TASK TO CARRY OUT – After locating the line that bears "步驟五:進入pe系統后,小白裝機工具會自動開始安裝電腦系統,無需操作。", restate word for word that line and the rest of the listing to its final line, excluding all pictures.
*** Opening RECORDS SUPPLIED ***
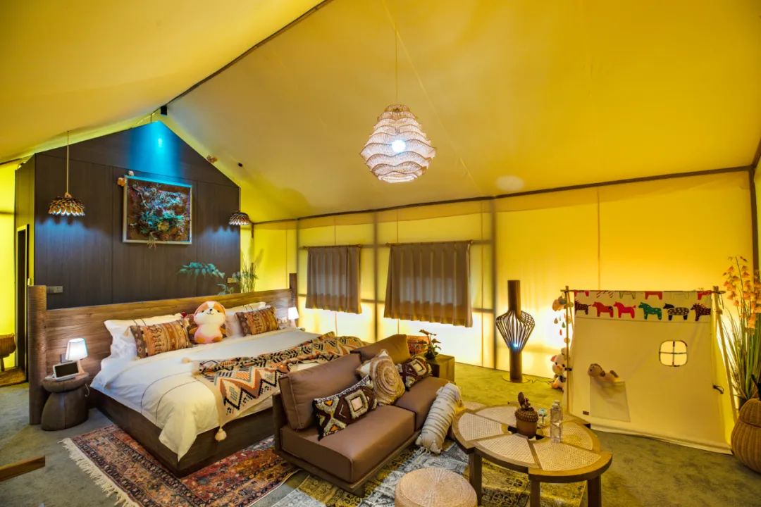 ? 三家民宿組CP選你所愛:除了專注親子出游需求的樂貝·甘露山,隔壁新中式「千里走單騎」和叢林秘境「個(gè)個(gè)世界」也各具特色,一鍵切換度假畫風(fēng)!
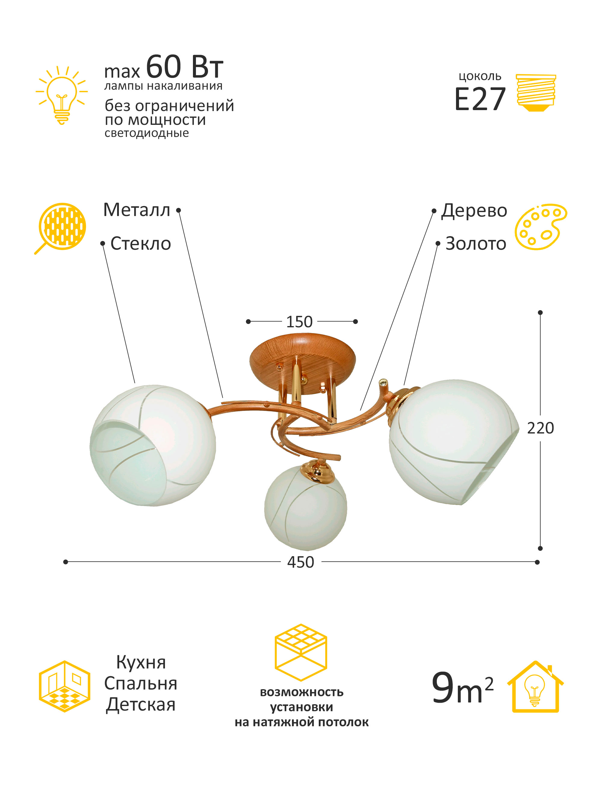 Примерная площадь освещаемая люстрой9 кв.м.
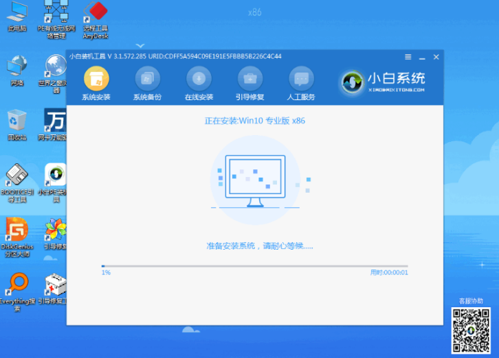 步驟五:進入pe系統后,小白裝機工具會自動開始安裝電腦系統,無需操作。
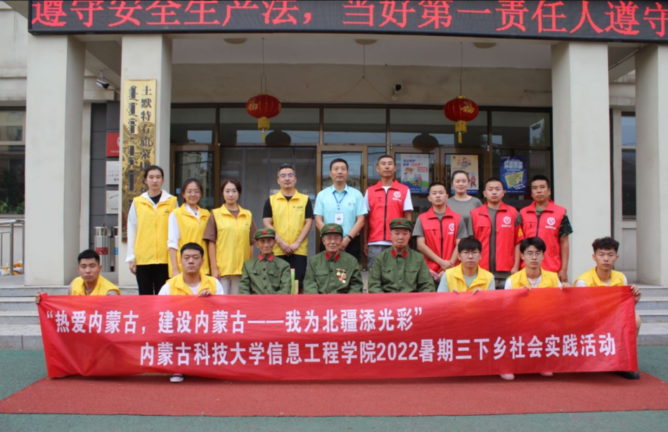为积极响应“喜迎二十大,永远跟党走,奋进新征程”主题活动的要求,深入落实“热爱内蒙古,建设内蒙古——我为北疆添光彩”主题实践,认真学习贯彻习近平总书记在庆祝中国共产主义青年团成立100周年大会上的重要讲话精神。2022年7月27日至7月30日,公司组织师生共九人赴包头市土默特右旗开展以“致敬峥嵘岁月,赓续红色血脉”为主题的“三下乡”暑期社会实践活动,期间走访退伍老军人,参观红色革命基地,用思想引领传承红色精神,用实际行动培育爱国之情。
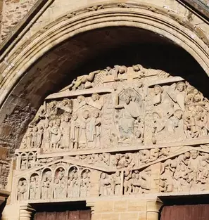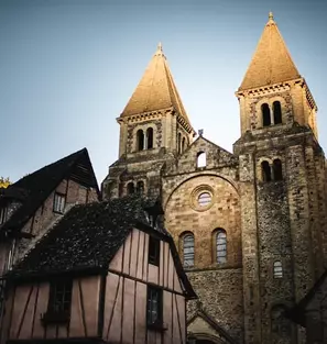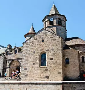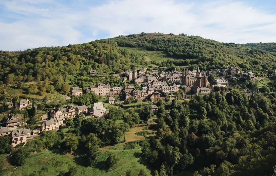Découverte d'Espeyrac où la légende prétend qu'en 960, un pèlerin rendu aveugle suite à une agression, retrouva la vue en invoquant la patronne de Conques. Descente par la combe encaissée de l'Ouche, arrivée sur le Dourdou (qui se jette un peu au nord dans le Lot) et découverte de Conques, bourg aux toits pointus d'où surgissent les trois tours de l'abbatiale romane Sainte-Foy, joyau de l'architecture médiévale, classée Patrimoine Mondial par l'UNESCO, et de son pont des pèlerins qui permet de franchir le Dourdou.
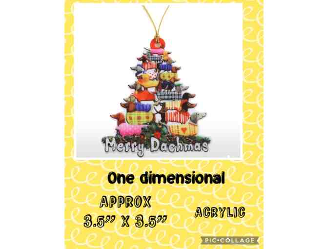 This is ONE DIMENSIONAL! Fun dachshund ornament. "Merry Dachmas" only reads from the front; the reverse is in reverse! Made of study plastic.
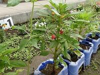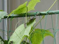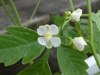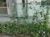 <学校の生き物たち紹介> 保健室前のプランターで、花を咲かせたり、実を実らせたりしているフウセンカズラ。
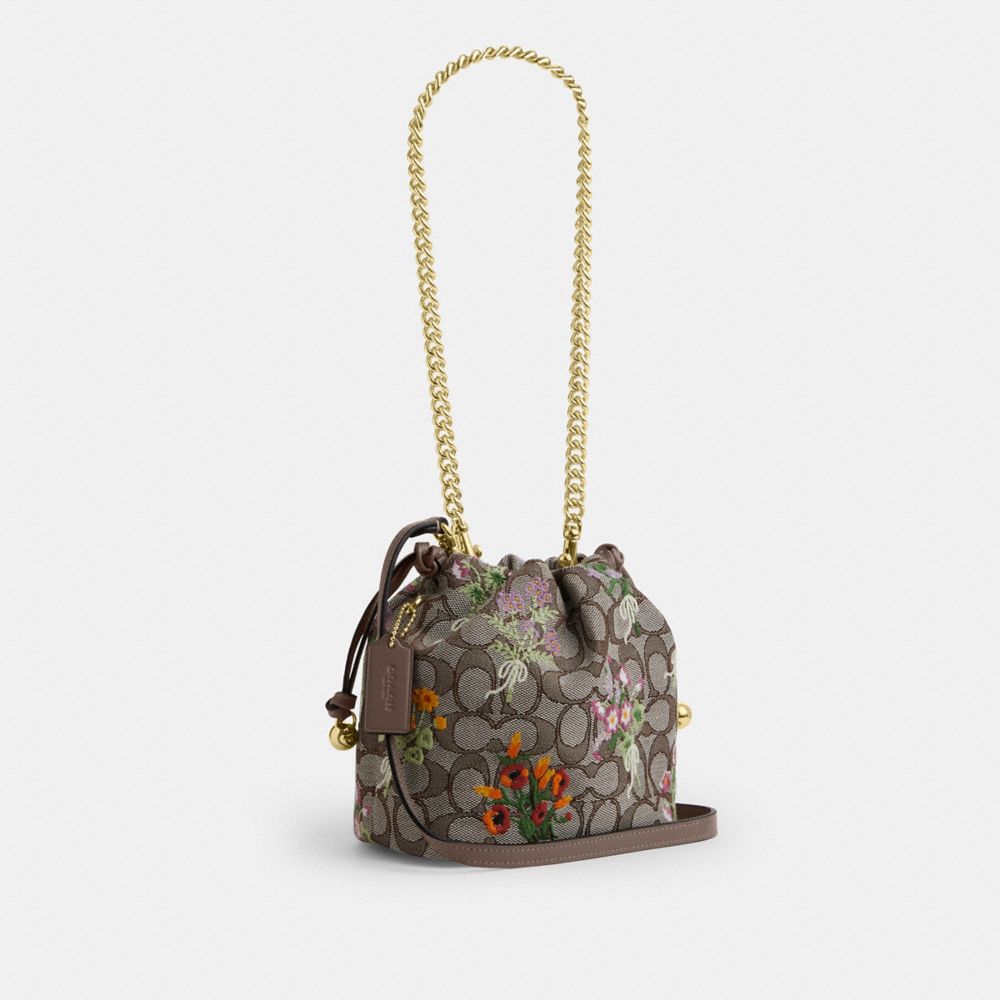 Faye Mini Drawstring Bag In Signature Jacquard With Floral Embroidery
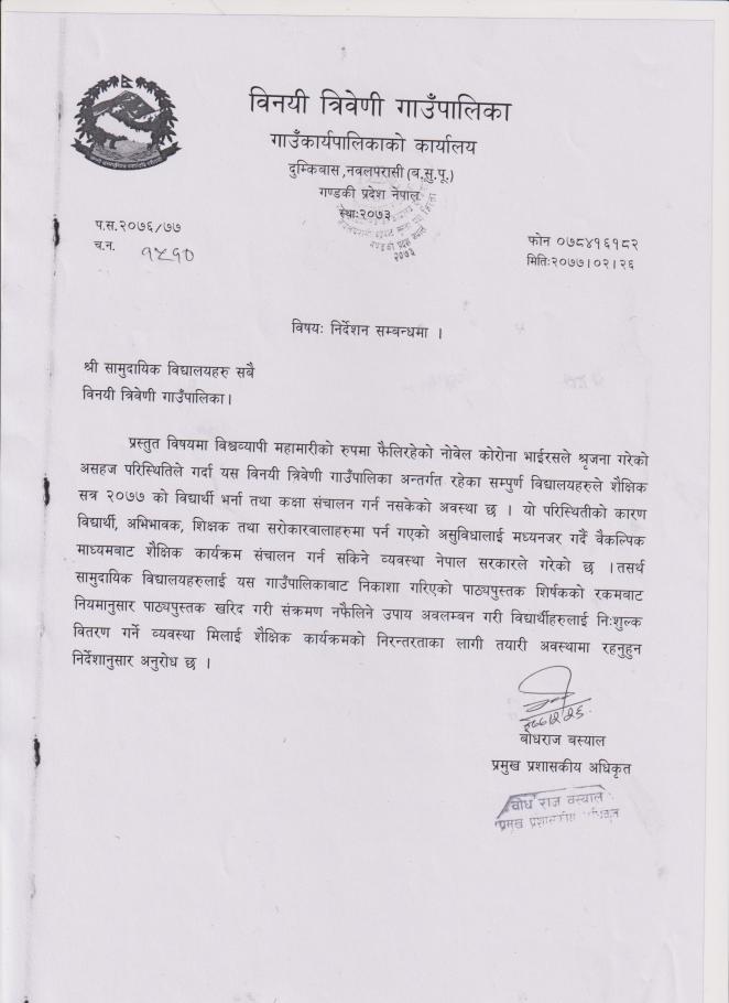 विनयी त्रिवेणी गाउँपालिका अन्तर्गतका सामुदायिक विद्यालयहरुका लागी निर्देशन सम्बन्धमा ।
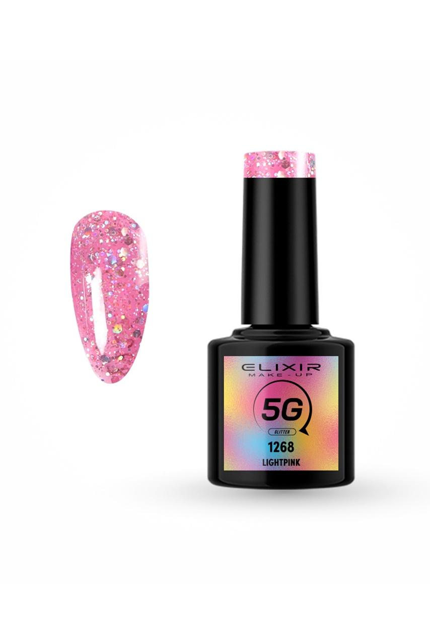 Ημιμόνιμο βερνίκι 5G Glitter σε απόχρωση LightPink από την Elixir Make Up, με καινοτομική φόρμουλα του επαγγελματικού βερνικιού μακράς διάρκειας.
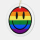 Este trabalho de arte colorido apresenta um smiley face arco-íris.
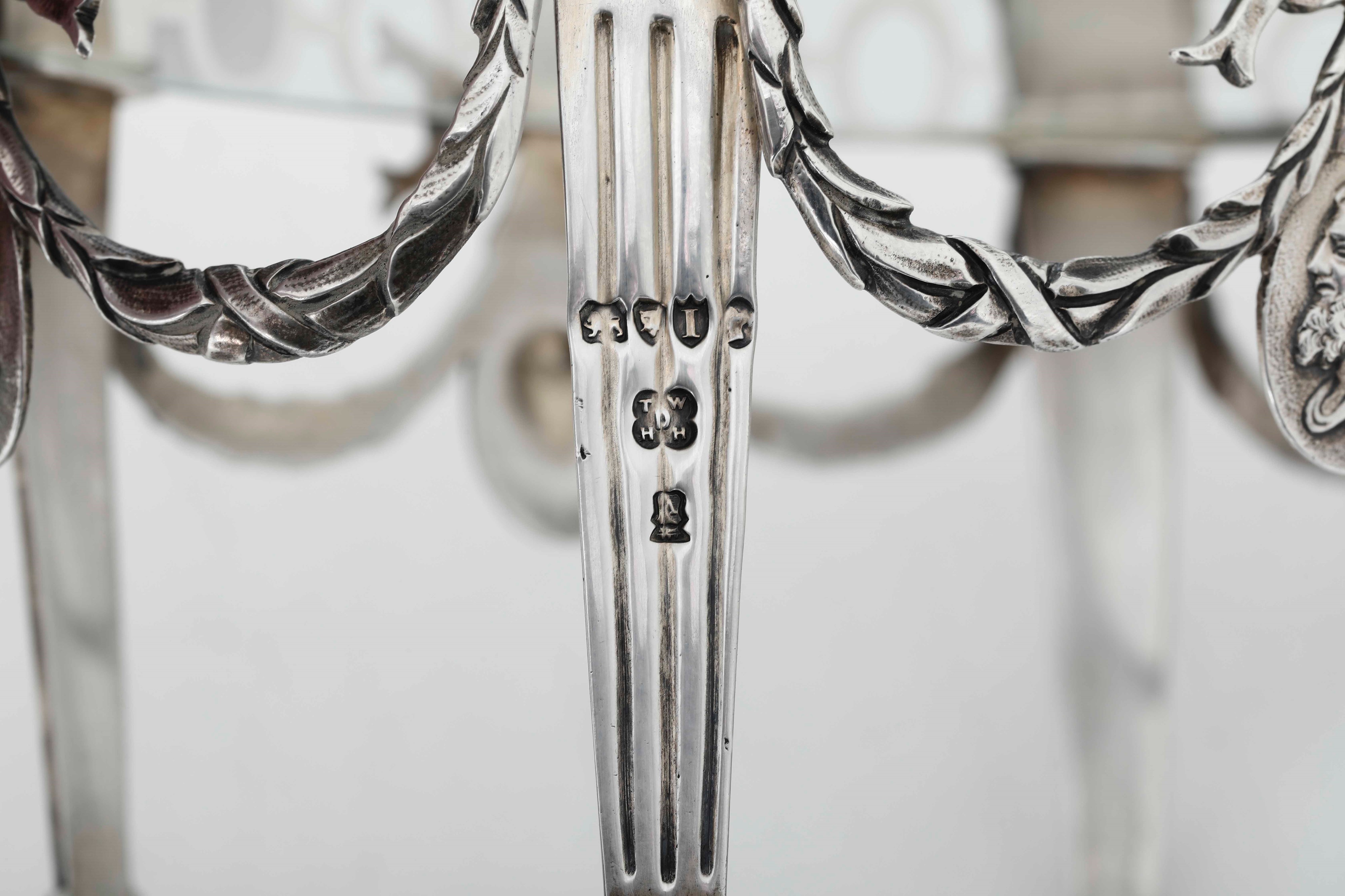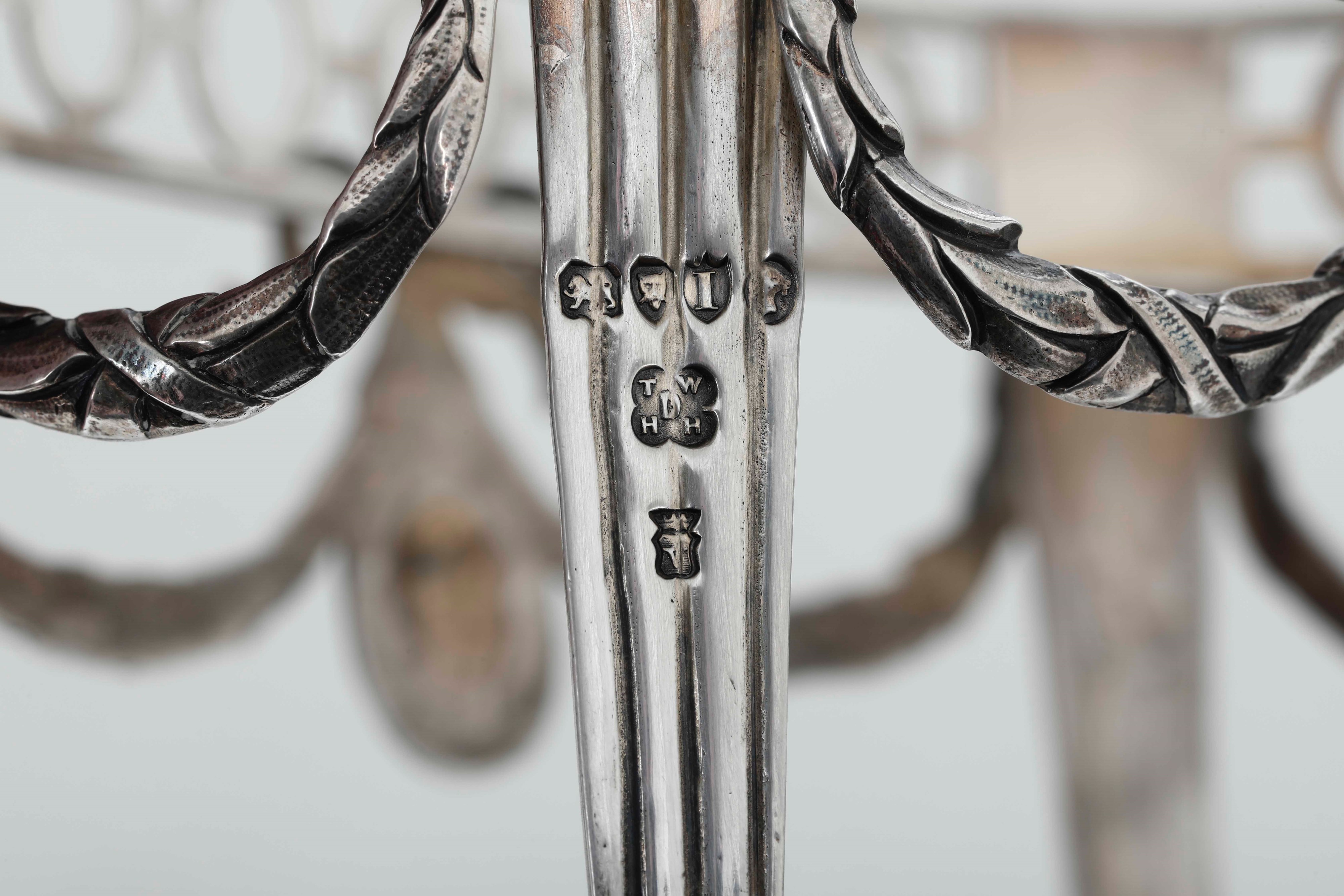 Coppia di alzate. Argento fuso, traforato, cesellato e vetro (non coevo). Londra 1884. Argentiere Dobson & Sons
*** Closing RECORDS SUPPLIED ***
OUTPUT BELOW –
 步驟五:進入pe系統后,小白裝機工具會自動開始安裝電腦系統,無需操作。
为积极响应“喜迎二十大,永远跟党走,奋进新征程”主题活动的要求,深入落实“热爱内蒙古,建设内蒙古——我为北疆添光彩”主题实践,认真学习贯彻习近平总书记在庆祝中国共产主义青年团成立100周年大会上的重要讲话精神。2022年7月27日至7月30日,公司组织师生共九人赴包头市土默特右旗开展以“致敬峥嵘岁月,赓续红色血脉”为主题的“三下乡”暑期社会实践活动,期间走访退伍老军人,参观红色革命基地,用思想引领传承红色精神,用实际行动培育爱国之情。
Découverte d'Espeyrac où la légende prétend qu'en 960, un pèlerin rendu aveugle suite à une agression, retrouva la vue en invoquant la patronne de Conques. Descente par la combe encaissée de l'Ouche, arrivée sur le Dourdou (qui se jette un peu au nord dans le Lot) et découverte de Conques, bourg aux toits pointus d'où surgissent les trois tours de l'abbatiale romane Sainte-Foy, joyau de l'architecture médiévale, classée Patrimoine Mondial par l'UNESCO, et de son pont des pèlerins qui permet de franchir le Dourdou.
 This is ONE DIMENSIONAL! Fun dachshund ornament. "Merry Dachmas" only reads from the front; the reverse is in reverse! Made of study plastic.
 <学校の生き物たち紹介> 保健室前のプランターで、花を咲かせたり、実を実らせたりしているフウセンカズラ。
 Faye Mini Drawstring Bag In Signature Jacquard With Floral Embroidery
 विनयी त्रिवेणी गाउँपालिका अन्तर्गतका सामुदायिक विद्यालयहरुका लागी निर्देशन सम्बन्धमा ।
 Ημιμόνιμο βερνίκι 5G Glitter σε απόχρωση LightPink από την Elixir Make Up, με καινοτομική φόρμουλα του επαγγελματικού βερνικιού μακράς διάρκειας.
 Este trabalho de arte colorido apresenta um smiley face arco-íris.
 Coppia di alzate. Argento fuso, traforato, cesellato e vetro (non coevo). Londra 1884. Argentiere Dobson & Sons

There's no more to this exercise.